When you retype the data, keep every word exactly and include none of the pictures.

— DATA EXTRACT —

········

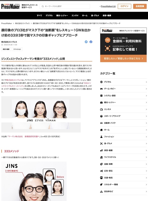 おでかけ需要が高まる社会情勢のなかで、女性のお悩みにぴったりのタイトル。「33分3秒」という具体的な時間の謎と、キーワードとして記載された「顔印象のプロ3社」のタイトルワークに興味を引かれ、プレスリリースの内容を見てみると、納得の3社によるメソッドの紹介が。「333メソッド」というネーミングも秀逸。タイトルは配信タイミングを意識して、あえて「GW」のワードが入れられていますが、これから外出も増えるであろう季節に向けて、そのまま使い回せる記事内容にもったいなさすら感じてしまうプレスリリースでした。
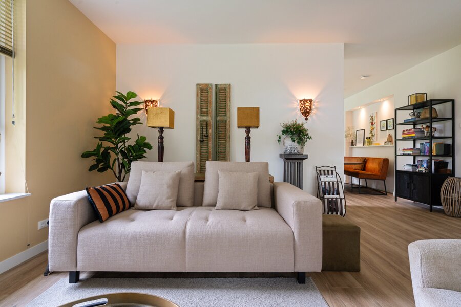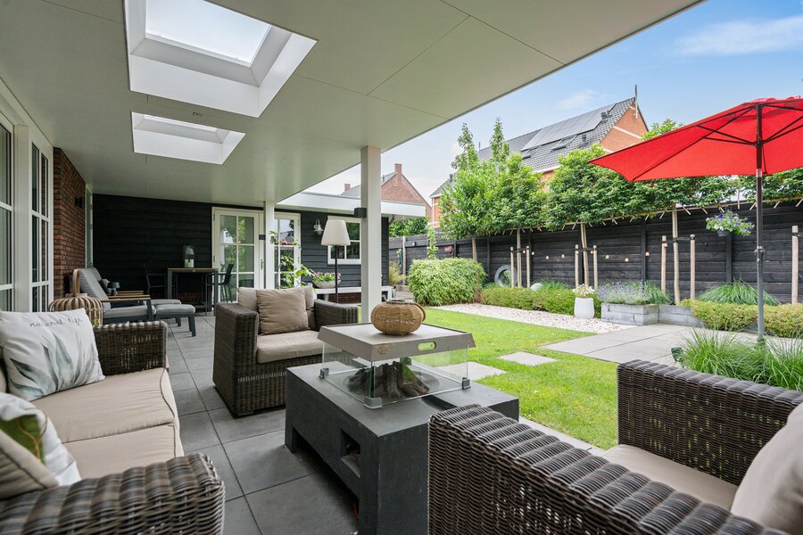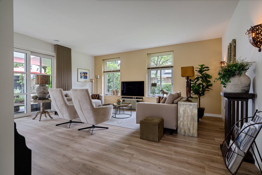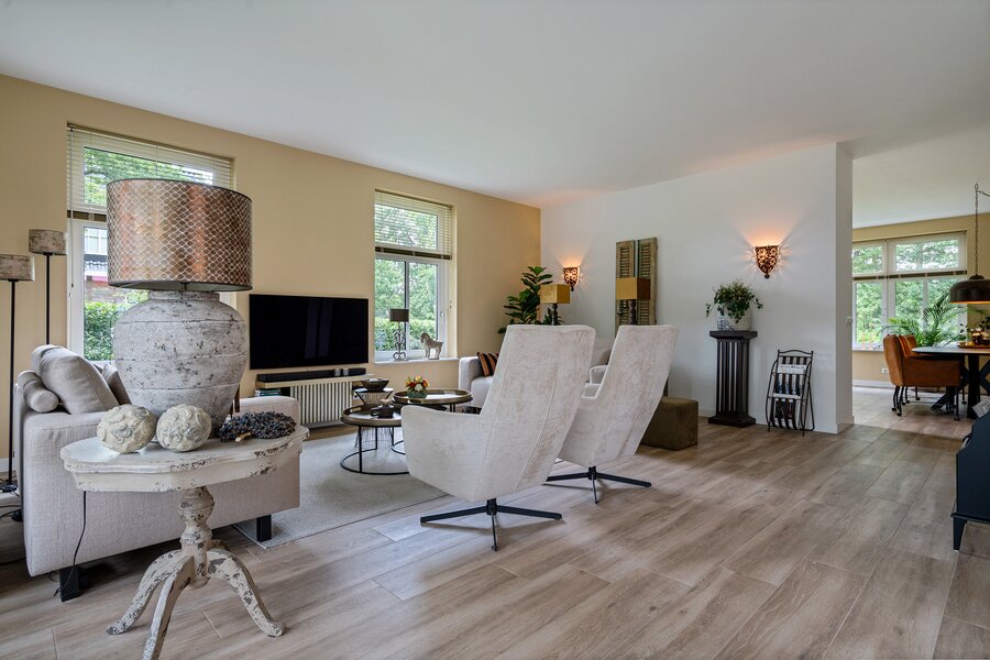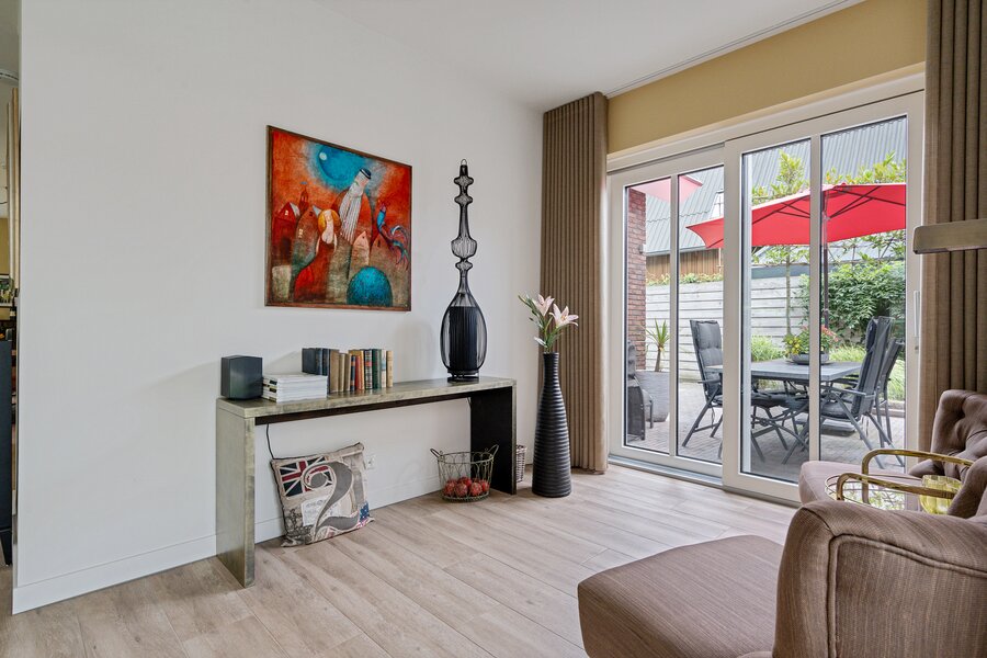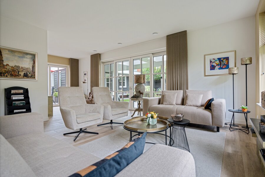 De ruime woonkamer is aan 2 zijden voorzien van schuifpuien, die een naadloze verbinding creëren met de fraai aangelegde tuin rondom.
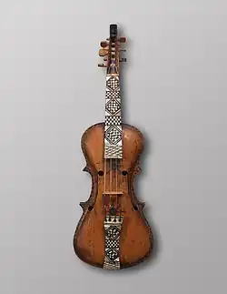 The Jaastad Hardanger fiddle with fine decorations. Built in 1651 and kept at Bergen museum.
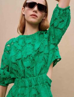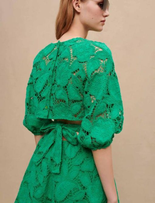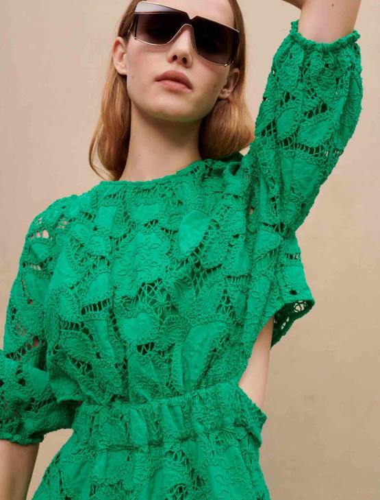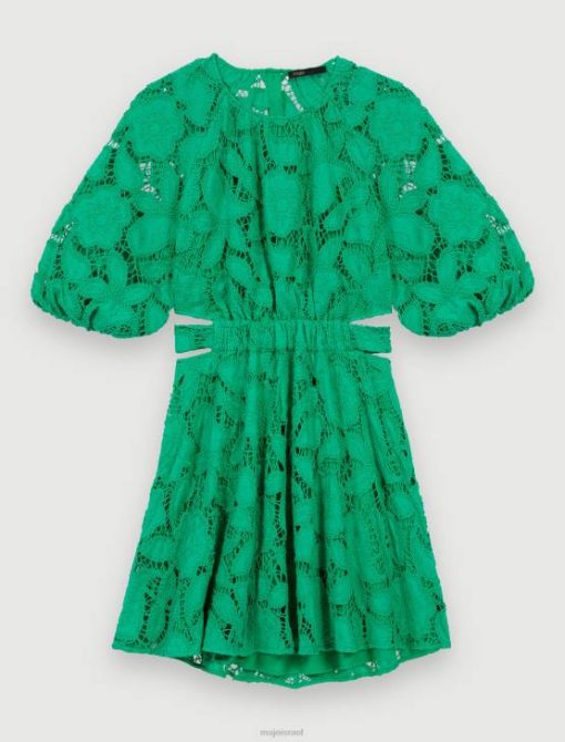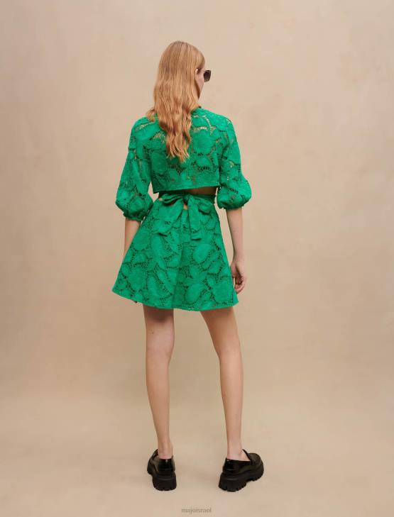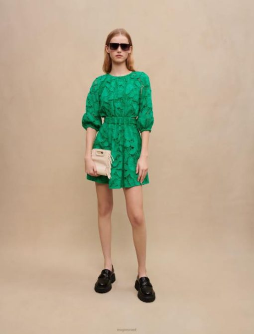 Maje נשים שמלת מיני כותנה רקומה ירוק הַלבָּשָׁה P8N8180

········

— TASK RESULT —
 おでかけ需要が高まる社会情勢のなかで、女性のお悩みにぴったりのタイトル。「33分3秒」という具体的な時間の謎と、キーワードとして記載された「顔印象のプロ3社」のタイトルワークに興味を引かれ、プレスリリースの内容を見てみると、納得の3社によるメソッドの紹介が。「333メソッド」というネーミングも秀逸。タイトルは配信タイミングを意識して、あえて「GW」のワードが入れられていますが、これから外出も増えるであろう季節に向けて、そのまま使い回せる記事内容にもったいなさすら感じてしまうプレスリリースでした。
 De ruime woonkamer is aan 2 zijden voorzien van schuifpuien, die een naadloze verbinding creëren met de fraai aangelegde tuin rondom.
 The Jaastad Hardanger fiddle with fine decorations. Built in 1651 and kept at Bergen museum.
 Maje נשים שמלת מיני כותנה רקומה ירוק הַלבָּשָׁה P8N8180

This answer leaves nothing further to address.